Al-Quran Online ini, ajakan untuk mendalami AlQuran sambil mencari ridho dan cinta Allah semata
Daftar Akar Kata Pada AlQuran
Dipersembahkan oleh para sukarelawan yang hanya mencari kecintaan Allah semata

Al-Imran

dengan nama Allah yang Maha Pemurah lagi Maha Penyayang

ayat 82

Barang siapa yang berpaling sesudah itu, maka mereka itulah orang-orang yang fasik.

Detail I'rāb Surat Ali Imran ayat 82



Ayat ini merupakan konsekuensi logis yang langsung mengikuti perjanjian para nabi pada ayat 81: barangsiapa yang berpaling dari perjanjian tersebut, maka mereka adalah orang-orang yang fasik.

I'rab Surah Ali 'Imran Ayat 82

Kata

Jenis Kata

I'rab (Kedudukan)

Penjelasan

فَ

Huruf Isti'nāf/Fasīḥah

Fā' Al-Fasīḥah

Menghubungkan kalimat ini dengan konsekuensi logis dari pengakuan Ahli Kitab terhadap perjanjian tersebut.

مَن

Isim Syart

Mabni 'Ala As-Sukun fi mahalli Rafa'

Mubtada' dan Isim Syarat yang men-jazm-kan dua fi'il.

تَوَلَّىٰ

Fi'il Mādhī

Mabni 'Ala Al-Fath Muqaddar fi mahalli Jazm

Fi'il Syart (Jika dia berpaling). Fa'il adalah dhamir mustatir takdirnya Huwa.

بَعْدَ

Isim (Dzarf)

Manshub (Kedudukan Nashab). Mudhaf.

Dzarfu ZamānMuta'alliq dengan تَوَلَّىٰ.

ذَٰلِكَ

Isim Isyārah

Mabni 'Ala Al-Fath fi mahalli Jarr

Mudhaf Ilaih bagi بَعْدَ (menunjuk pada perjanjian).

فَ

Huruf Jawab

Fā' Al-Jazā'

Mengikat Jawab Syart dengan Fi'il Syart.

أُولَٰئِكَ

Isim Isyārah

Mabni 'Ala Al-Kasr fi mahalli Rafa'

Mubtada' pertama (dalam Jawab Syart).

هُمُ

Dhamir Munfashil

Mabni 'Ala As-Sukun fi mahalli Rafa'

Dhamir Faṣl (Pemisa) atau Taukīd (Penguat). Tidak memiliki kedudukan i'rab yang mandiri di sini.

الْفَاسِقُونَ

Isim Fā'il

Marfu' (Kedudukan Rafa')

Khabar bagi أُولَٰئِكَ. Tanda rafa'-nya wāwu.

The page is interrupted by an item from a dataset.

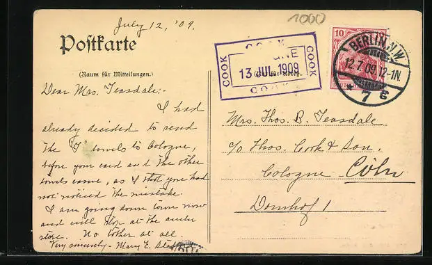 alte Ansichtskarte, gelaufen 1909, guter Zustand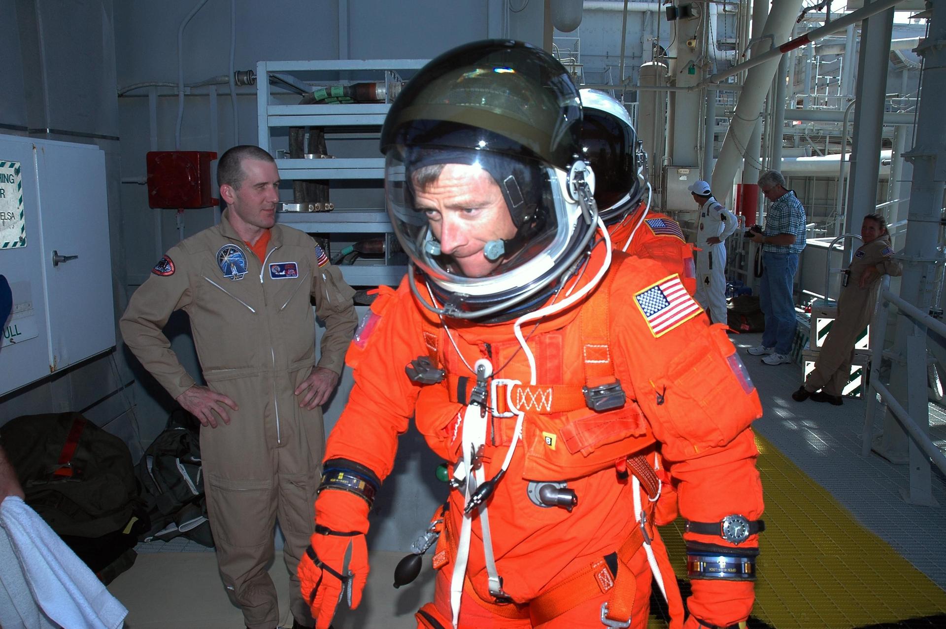 KENNEDY SPACE CENTER, FLA. - STS-115 Pilot Christopher Ferguson, followed by Commander Brent Jett, head for the slidewire baskets on Launch Pad 39B, practicing emergency egress procedures. The activity follows a simulated launch countdown, part of Terminal Countdown Demonstration Test activities. The TCDT is a prelaunch preparation for the mission that is scheduled to lift off in a window opening Aug. 27. During their 11-day mission to the International Space Station, the STS-115 crew will continue construction of the station and attach the payload elements, the Port 3/4 truss segment with its two large solar arrays. Photo credit: NASA/Cory Huston

فَأُولَٰئِكَ هُمُ الْفَاسِقُونَ

Jumlat Ismiyyah

Fi mahalli Rafa'

Khabar bagi مَنْ (Mubtada' Syarat).


📝 Catatan Penting Mengenai I'rab:

  1. Struktur Syarat (Mubtada' Syart):

    • مَنْ berfungsi sebagai subjek utama (Mubtada') dan sekaligus sebagai Isim Syarat.

    • Fi'il Syarat (تَوَلَّىٰ) secara lafazh adalah māḍī tetapi kedudukannya majzūm oleh مَنْ.

  2. Jawab Syarat Berupa Jumlah Ismiyyah: Karena Jawab Syarat berbentuk Jumlat Ismiyyah (أُولَٰئِكَ هُمُ الْفَاسِقُونَ), ia wajib didahului oleh Fā' Al-Jazā' (فَ).

  3. Makna Konsekuensi: Jawab Syarat ini sekaligus menjadi Khabar bagi Mubtada' مَنْ; maknanya adalah: Barangsiapa yang berpaling, maka orang-orang itu (أُولَٰئِكَ) adalah mereka yang fasik.